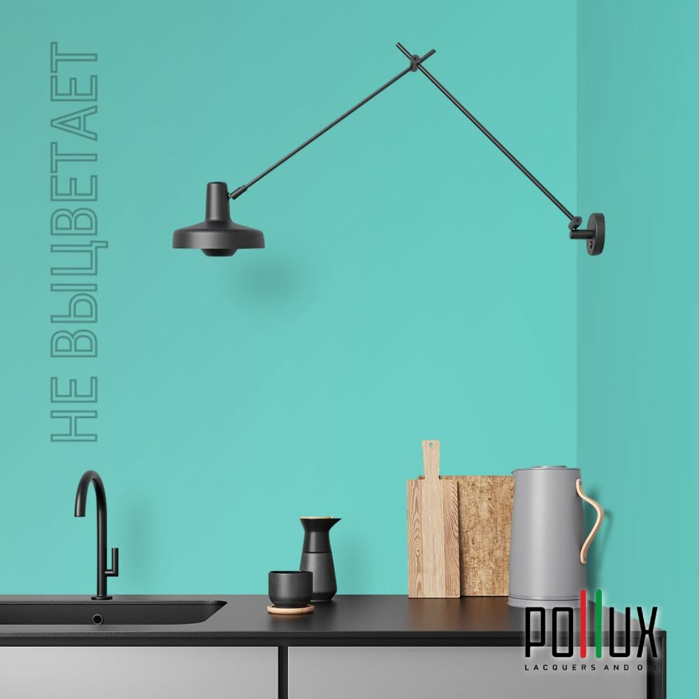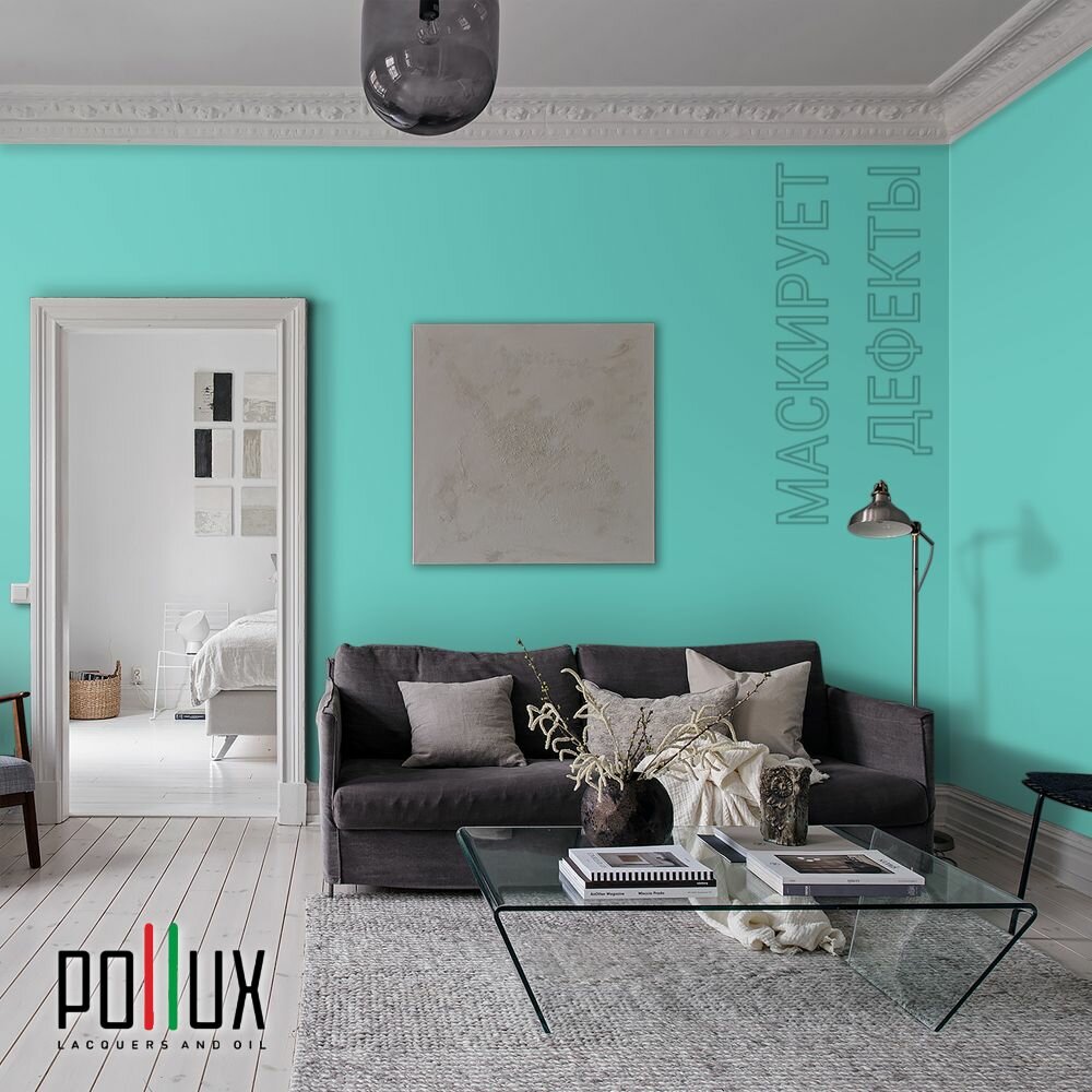 Краска моющаяся интерьерная для стен и потолков, Pollux INTERIOR без запаха, быстросохнущая, акриловая, матовое покрытие, цвет NCS S 1030-B60G, 1л.
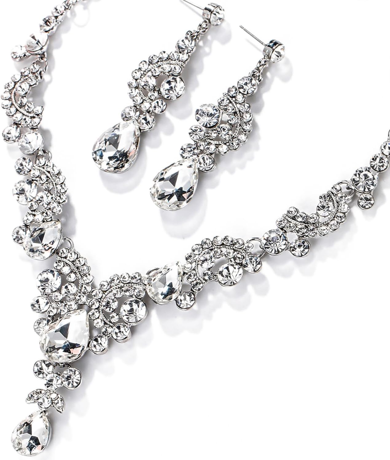EVER FAITH Rhinestone Crystal Bridal Floral Wave Teardrop Necklace Earrings Set
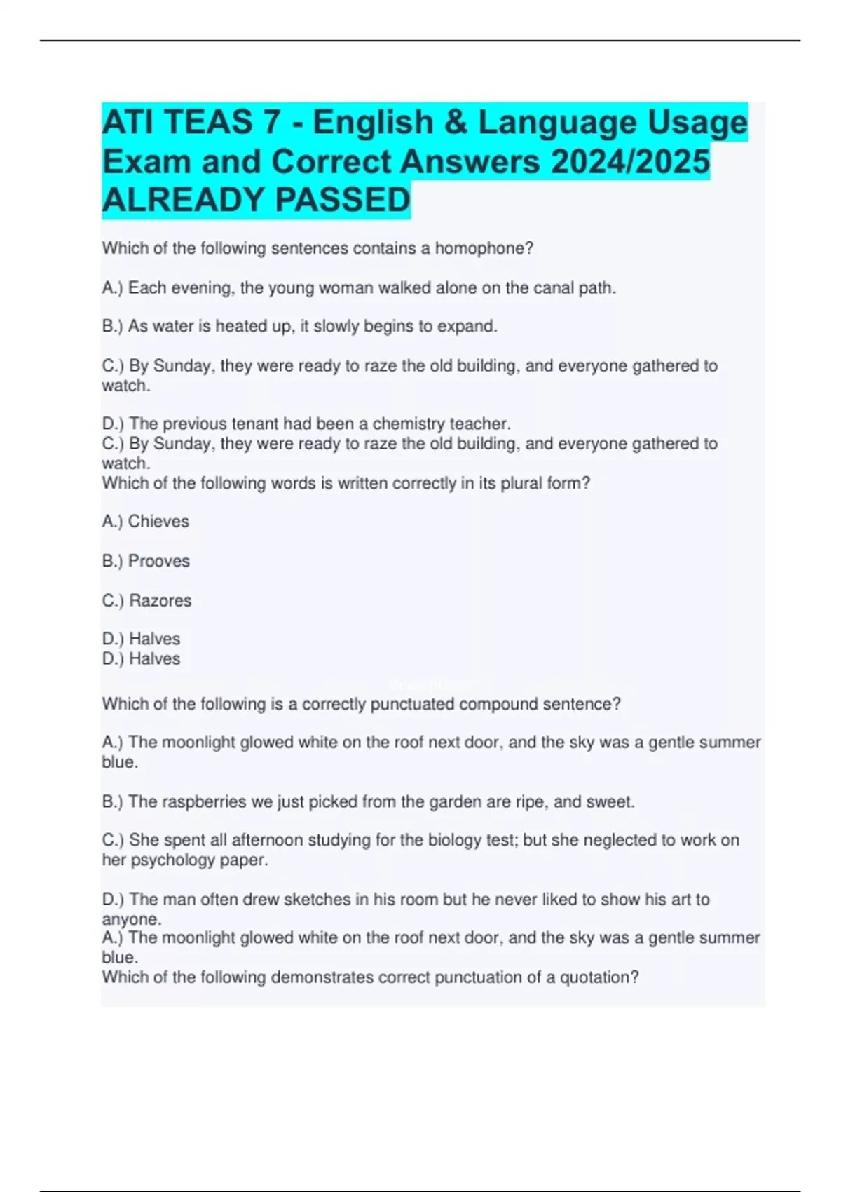 BEST REVIEW ATI TEAS 7 - English & Language Usage Exam and Correct Answers 2024/2025 ALREADY PASSED
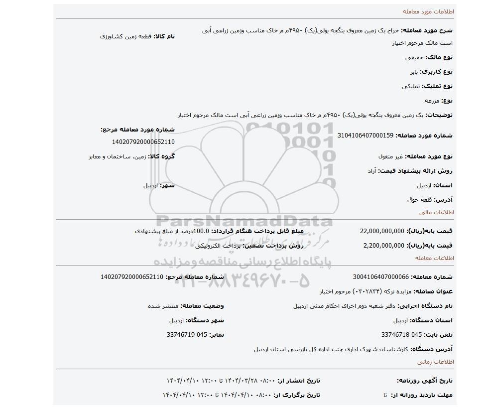شرح مورد معامله: حراج یک زمین معروف ینگجه یولی(یک) ۴۹۵۰م م خاک مناسب وزمین زراعی آبی است مالک مرحوم اختیار | نام کالا: قطعه زمین کشاورزی | |

The task: What you return must match the data above exactly, with no images included.

Finished exercise:
 Краска моющаяся интерьерная для стен и потолков, Pollux INTERIOR без запаха, быстросохнущая, акриловая, матовое покрытие, цвет NCS S 1030-B60G, 1л.
EVER FAITH Rhinestone Crystal Bridal Floral Wave Teardrop Necklace Earrings Set
 BEST REVIEW ATI TEAS 7 - English & Language Usage Exam and Correct Answers 2024/2025 ALREADY PASSED
شرح مورد معامله: حراج یک زمین معروف ینگجه یولی(یک) ۴۹۵۰م م خاک مناسب وزمین زراعی آبی است مالک مرحوم اختیار | نام کالا: قطعه زمین کشاورزی | |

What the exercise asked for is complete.